Ich lese ein Gedicht von Kurt Tucholsky (1926):

Der Graben

Mutter, wozu hast du deinen Jungen aufgezogen?
Hast dich zwanzig Jahr mit ihm gequält?
Wozu ist er dir in deinen Arm geflogen,
und du hast ihm leise was erzählt?
Bis sie ihn dir weggenommen haben.
Für den Graben, Mutter, für den Graben.

Junge, kannst du noch an Vater denken?
Vater nahm dich oft auf seinen Arm.
Und er wollt dir einen Groschen schenken,
und er spielte mit dir Räuber und Gendarm.
Bis sie ihn dir weggenommen haben.
Für den Graben, Junge, für den Graben.

Drüben die französischen Genossen
lagen dicht bei Englands Arbeitsmann.
Alle haben sie ihr Blut vergossen,
und zerschossen ruht heut Mann bei Mann.
Alte Leute, Männer, mancher Knabe
in dem einen großen Massengrabe.

Seid nicht stolz auf Orden und Geklunker!
Seid nicht stolz auf Narben und die Zeit!
In die Gräben schickten euch die Junker,
Staatswahn und der Fabrikantenneid.
Ihr wart gut genug zum Fraß für Raben,
für das Grab, Kamraden, für den Graben!

Werft die Fahnen fort!
Die Militärkapellen
spielen auf zu euerm Todestanz.
Seid ihr hin: ein Kranz von Immortellen –
das ist dann der Dank des Vaterlands.

Denkt an Todesröcheln und Gestöhne.
Drüben stehen Väter, Mütter, Söhne,
schuften schwer, wie ihr, ums bißchen Leben.
Wollt ihr denen nicht die Hände geben?
Reicht die Bruderhand als schönste aller Gaben
übern Graben, Leute, übern Graben –!

Doris:

Ich möchte noch folgendes ansagen, bevor wir unsere Mahnwache beenden:

  • heute findet um 19.30 Uhr in der Glockenkelter in Stetten ein Vortrag von Gabriele Krone-Schmalz statt zum Thema: „Wie kann man den Krieg in der Ukraine beenden?“
  • bitte schauen Sie wieder auf unsere Homepage https://friedensinitiative-schorndorf.de/. Da gibt es neben den Texten der Mahnwache auch andere interessante Beiträge sowie links zu Aufrufen, die man unterzeichnen kann.
  • Am Montag, den 8. Mai ist um 17.00 Uhr in Stuttgart am Mahnmal für die Opfer des Faschismus eine Kundgebung zum Tag der Befreiung.
  • Am Freitag, den 19. Mai ist um 12.00 Uhr eine Kundgebung vor der japanischen Botschaft beim Hauptbahnhof Stuttgart anlässlich des G7-Gipfels in Hiroshima.
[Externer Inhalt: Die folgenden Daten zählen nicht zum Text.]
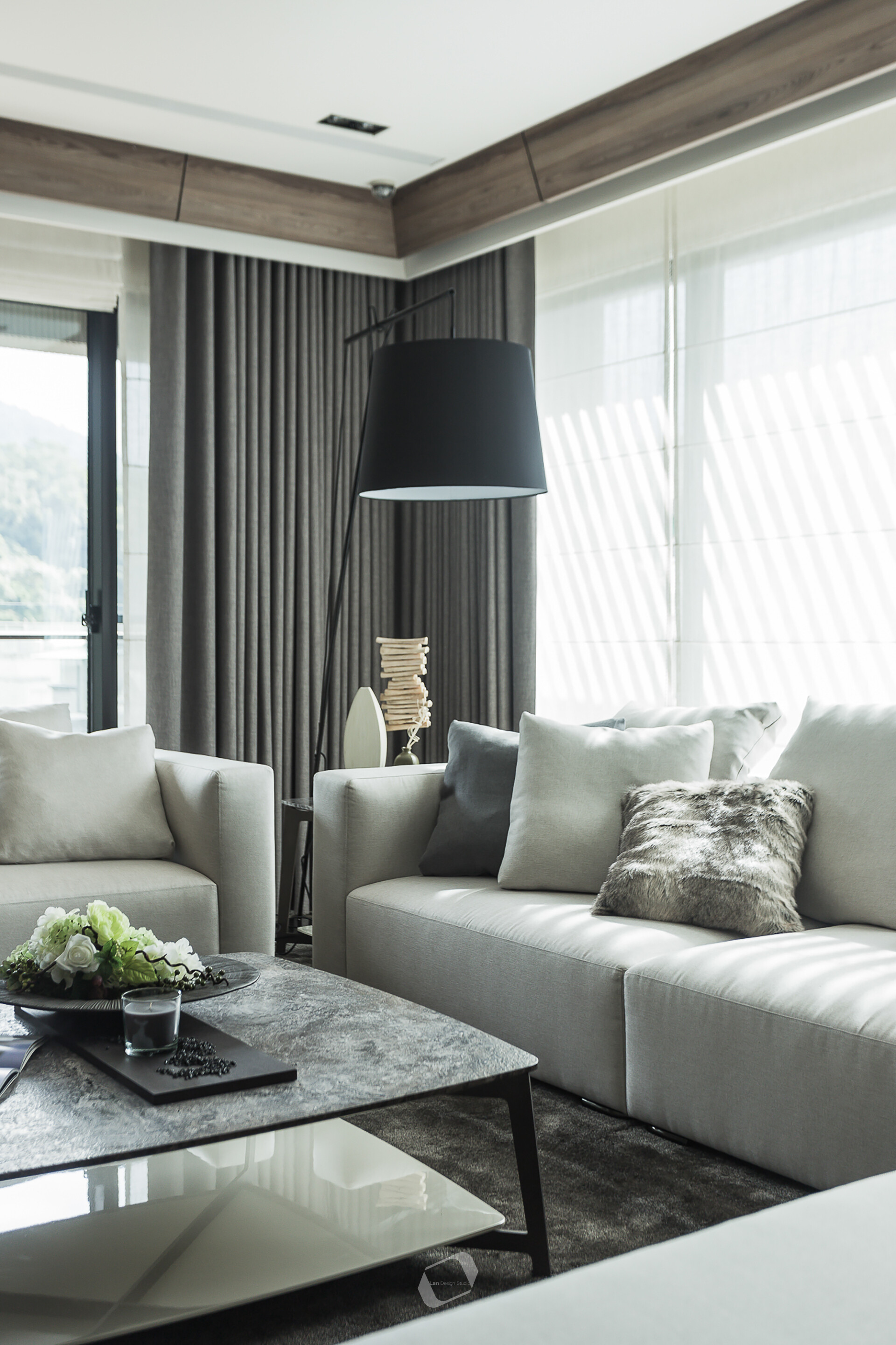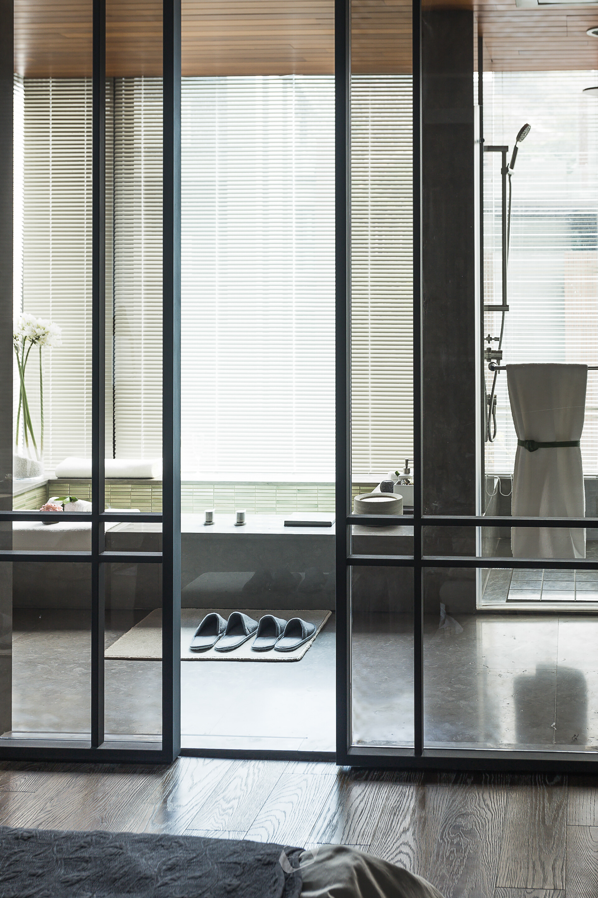 磺溪半山腰倚竹林的悠揚場域,涵碧氣質、一窗一景,利用玻璃拉門邀山景入室、百葉窗引日光共舞,敞朗視野與個人隱私兼具。
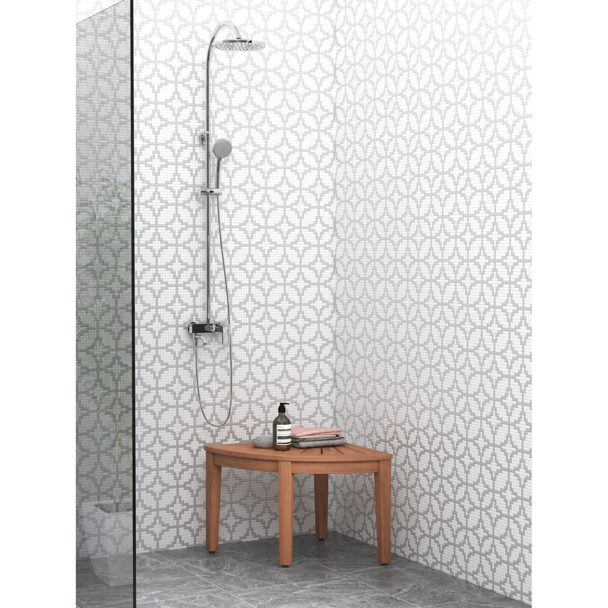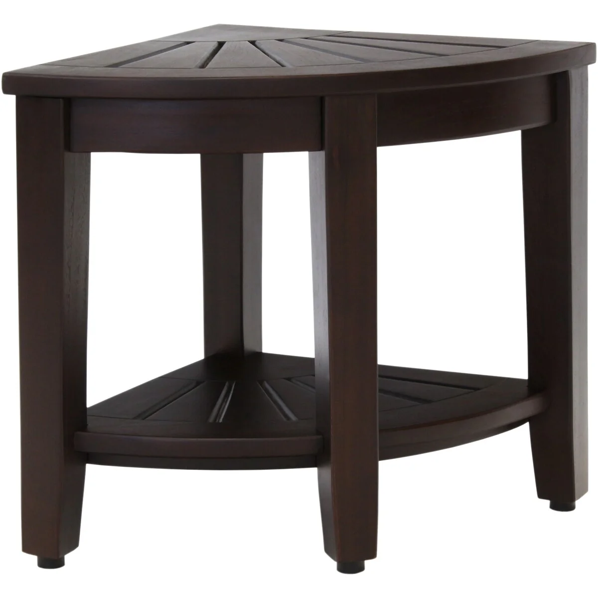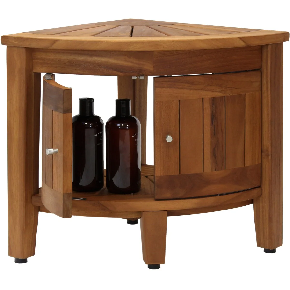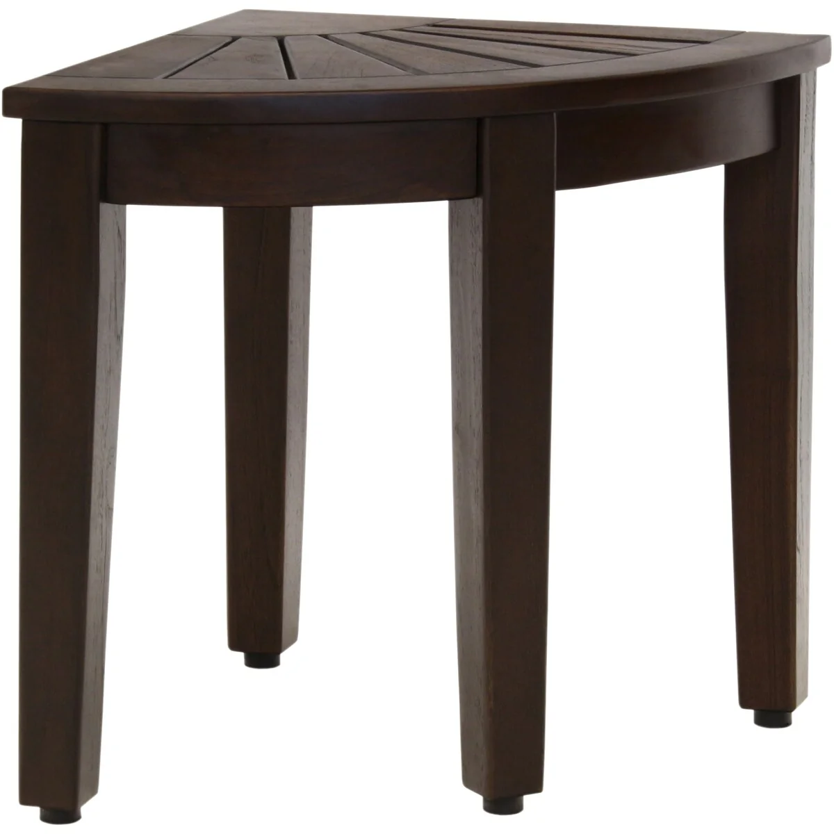 Invoke the richness of our corner teak shower bench!This gorgeous teak shower stool from our Kai™ collection was handcrafted using our unique, space-saving OptiAREA™ design, and was made to fit perfectly into your shower corner. Teak is naturally water resistant and durable, which makes this teak corner shower seat ideal for use as a teak shower bench or a lovely patio seat.Natural teak colorPolished finishCorner-styleYour teak shower seat includes all stainless steel hardware, plus fully adjustable stainless steel and rubber feet for safety and stability. We are so confident that you will love this Teak Corner Shower Seat that we offer a 30 day satisfaction guarantee and 5 year warranty on all of our products!

Forderungen: „Kein Ersteinsatz von Atomwaffen, Atomwaffen verbieten, Verbotsvertrag unterzeichnen“.
  • Unsere nächste Mahnwache ist am kommenden Freitag, den 05.05. um 18.00 Uhr wieder hier auf dem Mittleren Marktplatz.
  • Jetzt ist noch Zeit zum Austausch untereinander. Wir wünschen Ihnen dann einen guten Nachhauseweg.